Dalam rekaman tersebut, Yandri mengatakan, “Yang paling banyak ganggu kepala desa itu LSM sama wartawan Bodrex, mereka muter ke kepala desa ini minta duit satu juta. Bayangkan, kalau ada 300 desa, berarti 300 juta, kalah gaji Kemendes itu.” Ia juga menambahkan, “Oleh karena itu, mungkin pihak kepolisian dan kejaksaan perlu menertibkan, bahkan menangkap LSM dan wartawan Bodrex yang mengganggu para kepala desa itu untuk bekerja,” ujar Yandri sembari tertawa.

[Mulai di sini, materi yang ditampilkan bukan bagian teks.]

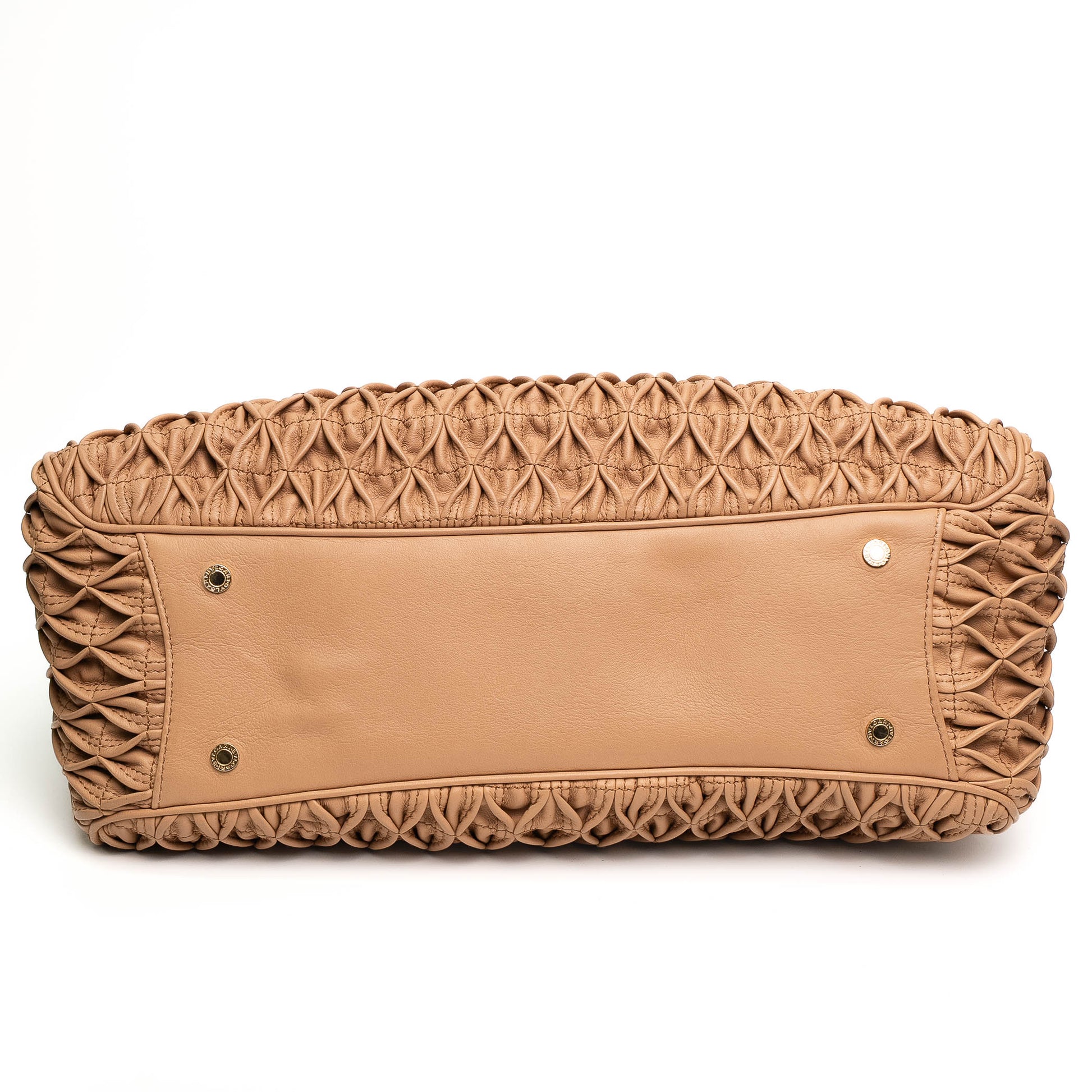 Bvlgari Willow Beige Pleated Leather Drawstring Tote Bag
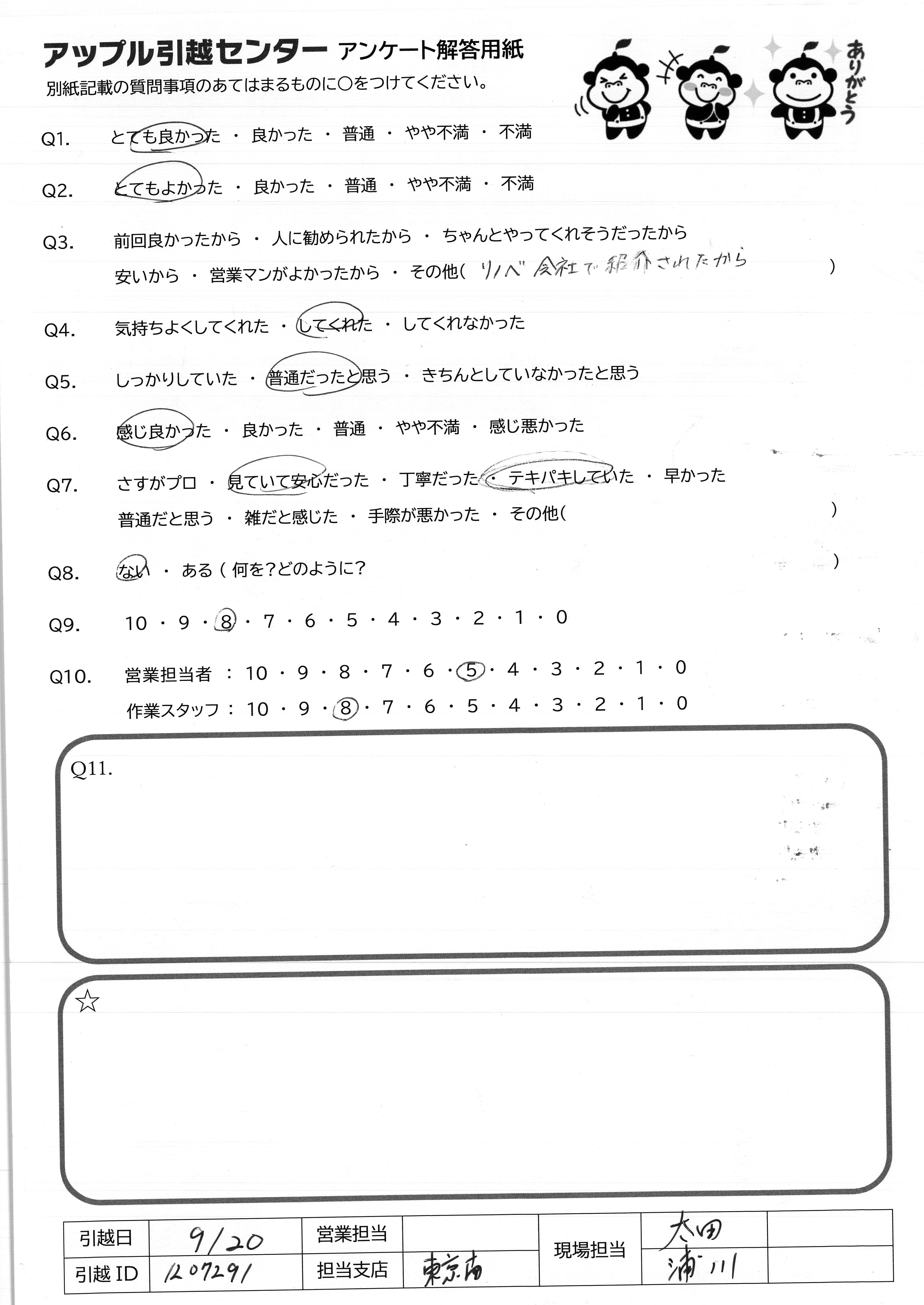 引越し日:2021年09月20日 エリア:東京都品川区

Pernyataan ini langsung mendapat kecaman dari berbagai pihak, termasuk Ketua Dewan Pimpinan Cabang Persatuan Wartawan Republik Indonesia (DPC PWRI) Kabupaten Tasikmalaya, Chandra Foetra Setiawan Foster Simatupang.
Chandra menyatakan bahwa ucapan tersebut jelas telah melecehkan dan mencemarkan nama baik profesi wartawan di Indonesia. Ia mendesak agar Yandri Susanto segera meminta maaf secara terbuka kepada wartawan di seluruh Indonesia.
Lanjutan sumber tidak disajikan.